* _TASK TO CARRY OUT_
Below is a listing; print exactly its lines from the one containing "A las 7:52 así" down to the one containing "アーシャ=アジアの農民と歩む", both inclusive, with every picture left out.

* _SOURCE DATA_
*** Block opens ***

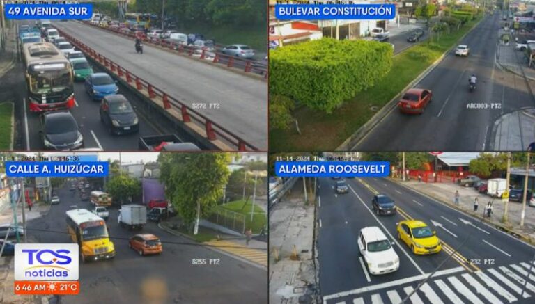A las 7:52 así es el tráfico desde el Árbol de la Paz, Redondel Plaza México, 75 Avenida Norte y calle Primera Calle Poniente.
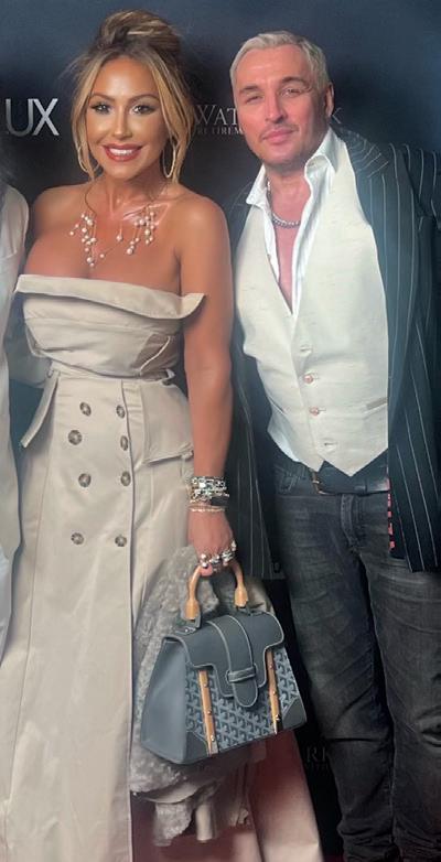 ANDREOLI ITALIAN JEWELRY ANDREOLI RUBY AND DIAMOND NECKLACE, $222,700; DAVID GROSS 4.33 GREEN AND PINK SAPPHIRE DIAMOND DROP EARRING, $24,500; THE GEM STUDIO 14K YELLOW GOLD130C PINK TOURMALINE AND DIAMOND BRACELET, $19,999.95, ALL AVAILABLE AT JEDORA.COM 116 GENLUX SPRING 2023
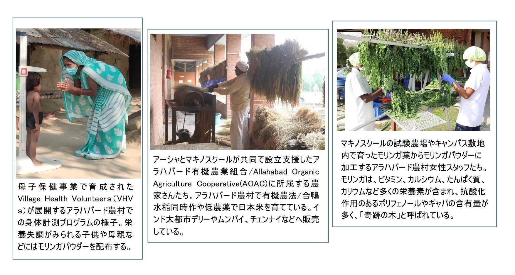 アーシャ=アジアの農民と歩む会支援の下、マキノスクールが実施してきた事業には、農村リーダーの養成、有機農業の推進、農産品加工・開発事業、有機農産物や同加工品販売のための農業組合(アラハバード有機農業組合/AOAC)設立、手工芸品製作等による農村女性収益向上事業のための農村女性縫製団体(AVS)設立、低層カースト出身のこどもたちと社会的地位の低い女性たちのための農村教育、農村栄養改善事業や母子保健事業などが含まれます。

*** Block closes ***
*** Block opens ***

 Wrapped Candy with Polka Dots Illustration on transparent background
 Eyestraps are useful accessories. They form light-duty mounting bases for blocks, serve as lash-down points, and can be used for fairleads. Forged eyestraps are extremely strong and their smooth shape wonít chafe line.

*** Block closes ***
*** Block opens ***

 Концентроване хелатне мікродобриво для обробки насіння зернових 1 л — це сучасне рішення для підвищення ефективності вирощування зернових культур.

*** Block closes ***

* _ANSWER FOR THE TASK_
A las 7:52 así es el tráfico desde el Árbol de la Paz, Redondel Plaza México, 75 Avenida Norte y calle Primera Calle Poniente.
 ANDREOLI ITALIAN JEWELRY ANDREOLI RUBY AND DIAMOND NECKLACE, $222,700; DAVID GROSS 4.33 GREEN AND PINK SAPPHIRE DIAMOND DROP EARRING, $24,500; THE GEM STUDIO 14K YELLOW GOLD130C PINK TOURMALINE AND DIAMOND BRACELET, $19,999.95, ALL AVAILABLE AT JEDORA.COM 116 GENLUX SPRING 2023
 アーシャ=アジアの農民と歩む会支援の下、マキノスクールが実施してきた事業には、農村リーダーの養成、有機農業の推進、農産品加工・開発事業、有機農産物や同加工品販売のための農業組合(アラハバード有機農業組合/AOAC)設立、手工芸品製作等による農村女性収益向上事業のための農村女性縫製団体(AVS)設立、低層カースト出身のこどもたちと社会的地位の低い女性たちのための農村教育、農村栄養改善事業や母子保健事業などが含まれます。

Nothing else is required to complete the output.